Screaming Queens

The 1969 riots at the Stonewall Inn in NYC are widely regarded as the birth of the modern gay rights movement. However, this is not so true. Perhaps Stonewall has a more prominent legacy, but even back in 1966, transgender women, gay men, and drag queens rioted in San Francisco’s Tenderloin district, at the diner Gene Compton’s Cafeteria. The riots are now commonly referred to as Compton’s Cafeteria Riots.

The film Screaming Queens documents this important event in history and the different changes for trans people and others in the queer community at the time, including sex reassignment surgery (SRS) becoming available in San Francisco and their discovery of the term “transgender”.

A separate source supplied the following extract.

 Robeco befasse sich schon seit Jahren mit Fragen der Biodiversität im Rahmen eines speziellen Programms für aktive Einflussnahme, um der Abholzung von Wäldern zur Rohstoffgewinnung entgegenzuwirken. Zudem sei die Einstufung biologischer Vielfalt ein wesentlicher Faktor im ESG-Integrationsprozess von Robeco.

Here is a short excerpt of the beginning of the film. I’m not sure if the whole thing can be found on youtube (it’s about an hour long in all), but I highly recommend it to anyone who wants to learn more about the queer rights movement, especially since it touches on a time and a place that isn’t mentioned all that often. It’s also important because it focuses on transgender folks, whose stories are not told nearly as often as gay men or lesbians. I’d also like to point out that it is directed by a transgender woman, and it is so important that transgender folks are the ones telling the history of their community, and sadly that is something I feel like I don’t see enough. I think the same goes for gay men, lesbians, and all other groups of people.

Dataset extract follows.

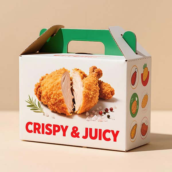 A self-locking carrier with a distinctive triangular top handle. Ideal for food, gifts, or retail items. Sturdy, easy to carry, and convenient for takeaway or presentation. Customizable in size and design to suit your brand or occasion.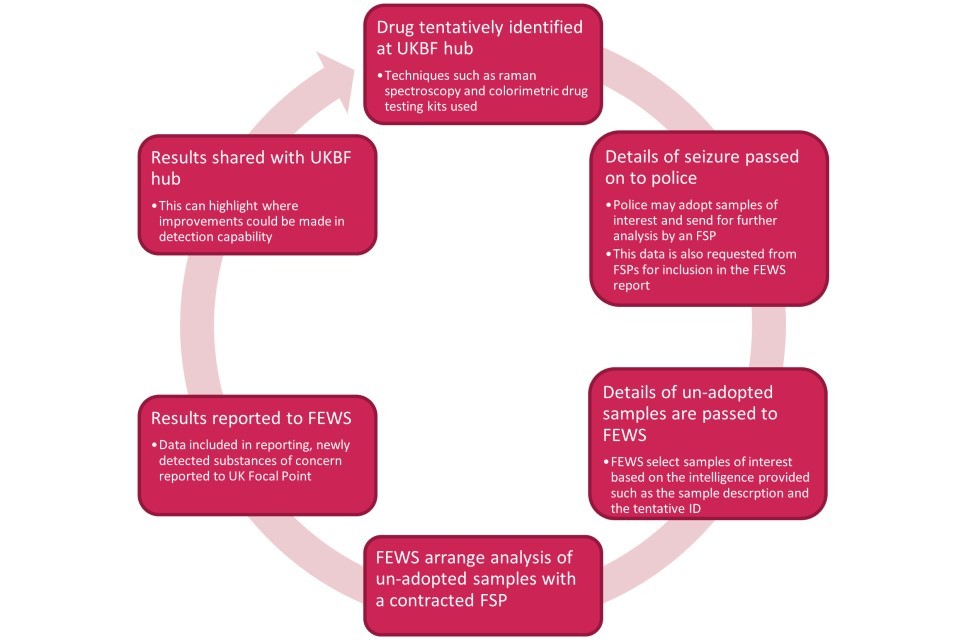 The aim of the Forensic Early Warning System (FEWS) is to examine trends in the seizures of NPS in the UK including prisons and border locations and to identify if any new substances emerge in the recreational drug market. This activity is carried out for the Home Office Drugs Misuse and Firearms Unit (DMFU). Figure 1 provides an overview of the activities conducted by the FEWS project.

And here’s one more, a part of the film that focuses on the “new availability of a transgender identity”–

It is always extremely inspiring to me to learn about queer folks who lived as who they really were, even when the culture they lived in made it difficult and dangerous for them. It really is because of those folks that people in the queer community today, like myself, can enjoy more freedoms–but obviously not ALL freedoms granted to non-queer people, just yet.